I'm trying to adapt a legacy Windows app to the cloud, and the media I need to read is on s3. As long as I do a network mount, it seems to work fine. However, performance isn't great as it only uses one connection to s3. I've tried many combinations of arguments but can't ever seem to get it to use more than one connection at a time.

I'm running this in AWS EC2, so I know I can get very high performance reading from s3 using multiple connections. The instance has a burstable 10 Gbps NIC, and I'd ideally like to get at least 1 Gbps aggregate. Unfortunately with one connection I can only get about 300 Mbps reliably.

I can do very fast multi part downloads with the AWS CLI, but in this case I can't trigger a download action, I really need to just present a file system to the app so it can take whatever action it needs to take with the best storage performance I can muster. I'm hoping to arrive at an rclone mount command that will aggressively prefetch any requested files with several connections to s3. That way the files will be warm on disk for the app to read as quick as it pleases.

Thanks in advance for your time!

ncw · March 24, 2021, 10:23am

Currently --vfs-cache-mode full uses as many connections as there are open file handles (handwaving) so if you open the file to read sequentially then it will only be read with one stream.

There is a project underway to change this which will hopefully be ready for 1.56 (not for 1.55).
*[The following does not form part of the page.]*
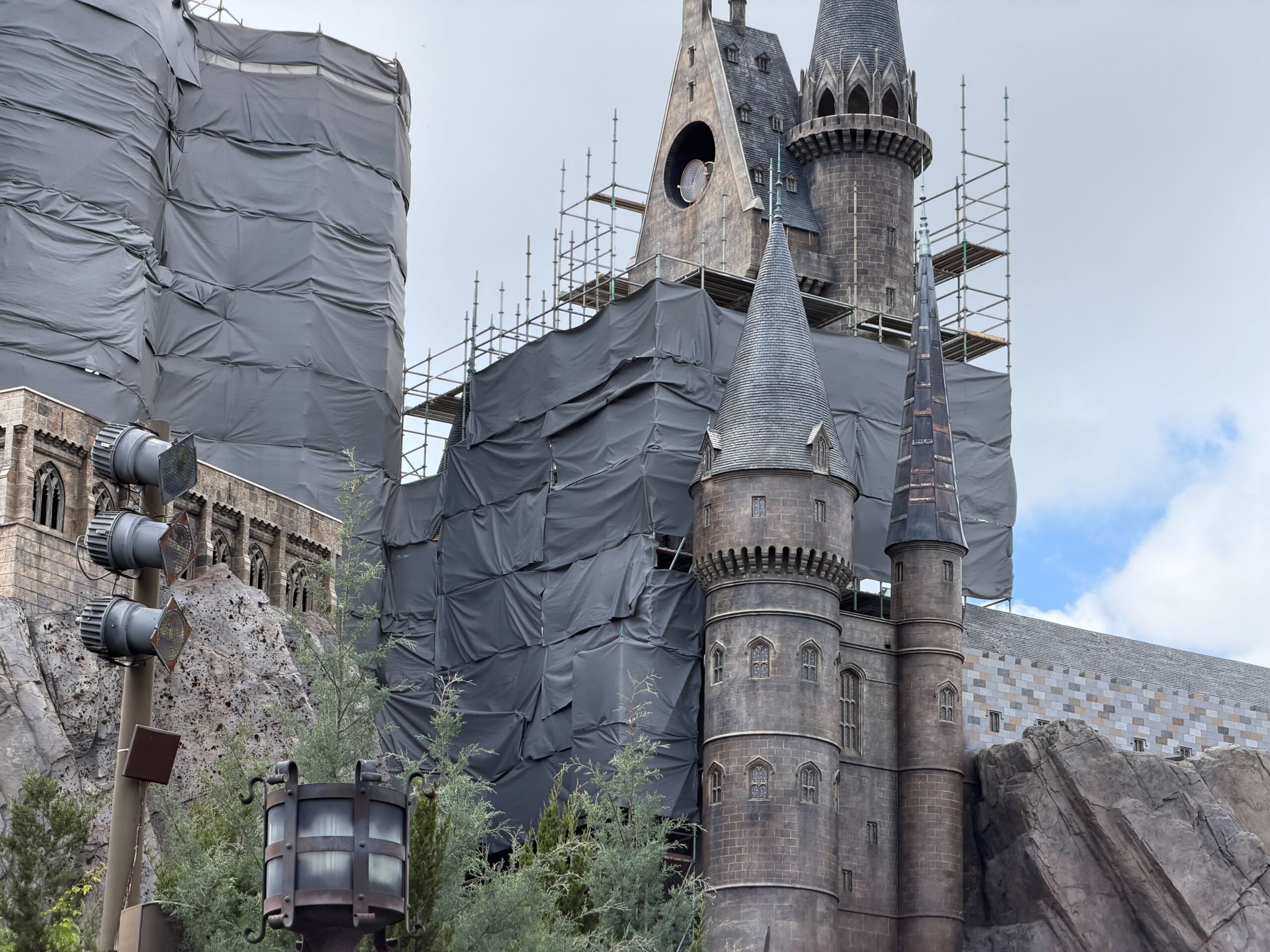 The iconic Hogwarts Castle in The Wizarding World of Harry Potter – Hogsmeade is being refurbished. Scaffolding wrapped in gray scrim blocks most of the castle’s towers from view.

You'll find if you use rclone copy then it too will use multiple connections - it benchmarks at least as fast as the aws cli

Do you have a list of files you want pre-loaded?

You can simulate multiple read streams to warm up the file in the cache. Say you have a 4G file. You'd set one process to read the first 1G, the second the second 1G etc. This will download the file as 4 streams.
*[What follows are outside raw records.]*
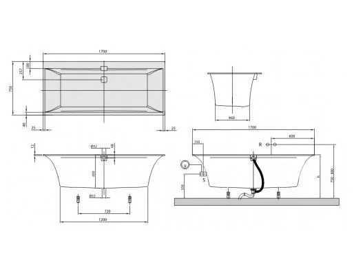 1 прямоугольная ванна, 2 подставки для ванны (самоклеящияся), регулируемые от 130 до 180 мм, 1 удлиненный слив и перелив (хромированный и белый)
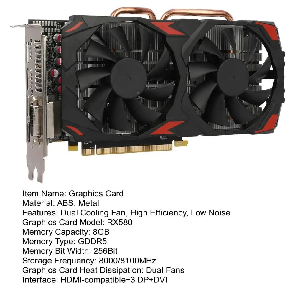RX580 Graphics Card High Efficiency Dual Cooling Fan 8GB GDDR5 256Bit Efficient Heat Dissipation Low Noise Memory Video Gaming Card Computer Accessories
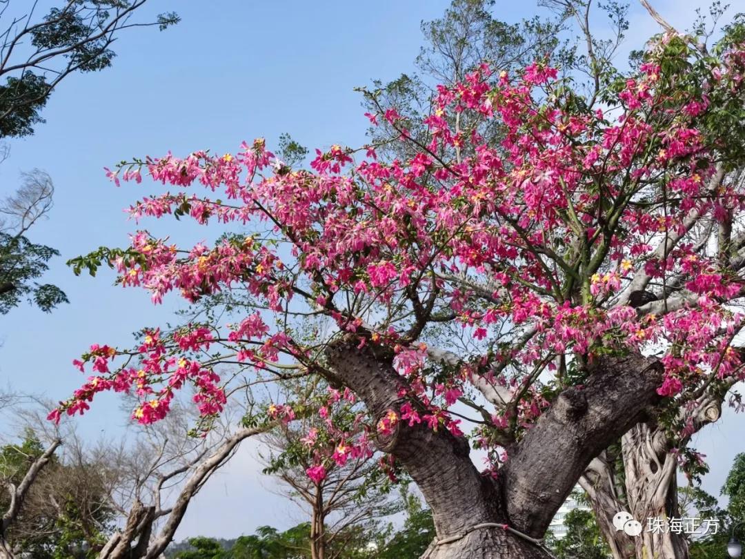 11月,冷空氣頻頻造訪北國。白雪蓋住了屋檐,銀枝掛上了樹梢,然而珠海市民的朋友圈卻令人羨慕。行走在珠海的大街小巷,一株株粉紅色、錯(cuò)落有致的異木棉競相開放,讓整個(gè)城市盡顯浪漫與多情。
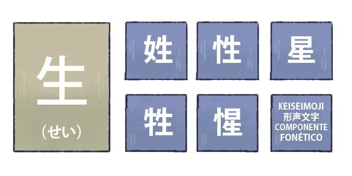 Did you know that in the Japanese language several ideograms can have the same pronunciation because of a small phonetic component within them? This component is called keiseimoji (形声文字) and is present in about 67% of Japanese ideograms. Knowing this phonetic component can help you understand and discover the reading of most Japanese ideograms.

You could do this very simply with dd

dd if=/mnt/4Gfile of=/dev/null seek=0 count=1024 bs=1M &
dd if=/mnt/4Gfile of=/dev/null seek=1024 count=1024 bs=1M &
dd if=/mnt/4Gfile of=/dev/null seek=2048 count=1024 bs=1M &
dd if=/mnt/4Gfile of=/dev/null seek=3172 count=1024 bs=1M &

You can even do this while your app is using the file system...
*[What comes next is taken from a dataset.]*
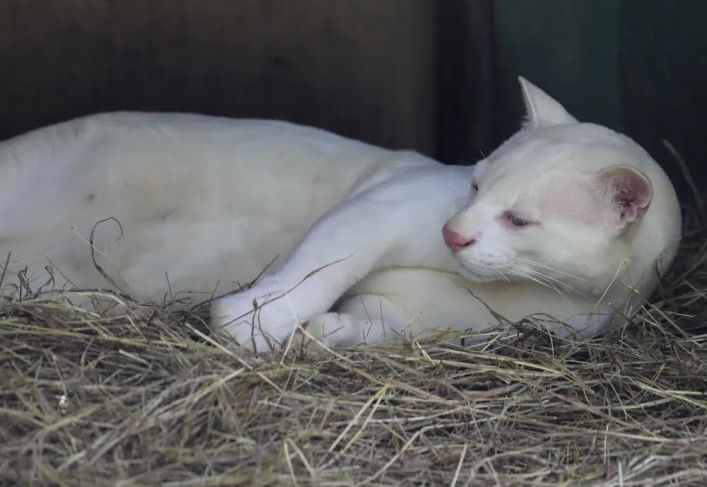 La felina, considerada “extremadamente inusual”, alcanzó la edad adulta y pesa 12.8 kilogramos. Los ocelotes suelen tener el pelaje pardo, ser carnívoros y cazadores, sin embargo, la felina albina dada su mutación genética recesiva no pudo ser liberada a la vida silvestre por su dificultad para camuflarse y ceguera.

Thinking aloud - I could also do a vfs/prefetch rc (API) call which would prefetch a file using the above technique - you could say how many streams you wanted it downloaded in.

dprestegard · March 26, 2021, 12:05am

Thanks so much for the response!

Yeah, the app seems to just read sequentially. Glad to hear some clever stuff is in the works. Looking forward to trying that!

The way the larger system is orchestrated I don't ever know precisely where a task will execute, so I don't know what file I'll need before the app starts reading the file. This is a distributed workflow engine with n worker nodes using a message queue to perform tasks, and due to legacy limitations there's no way (currently) to interrupt the flow to inject a command to download from s3 (or any other command for that matter).

ncw · March 29, 2021, 6:02pm

OK it sounds like the new project will be just the thing for you. Watch this space!

system · May 29, 2021, 2:03pm

This topic was automatically closed 60 days after the last reply. New replies are no longer allowed.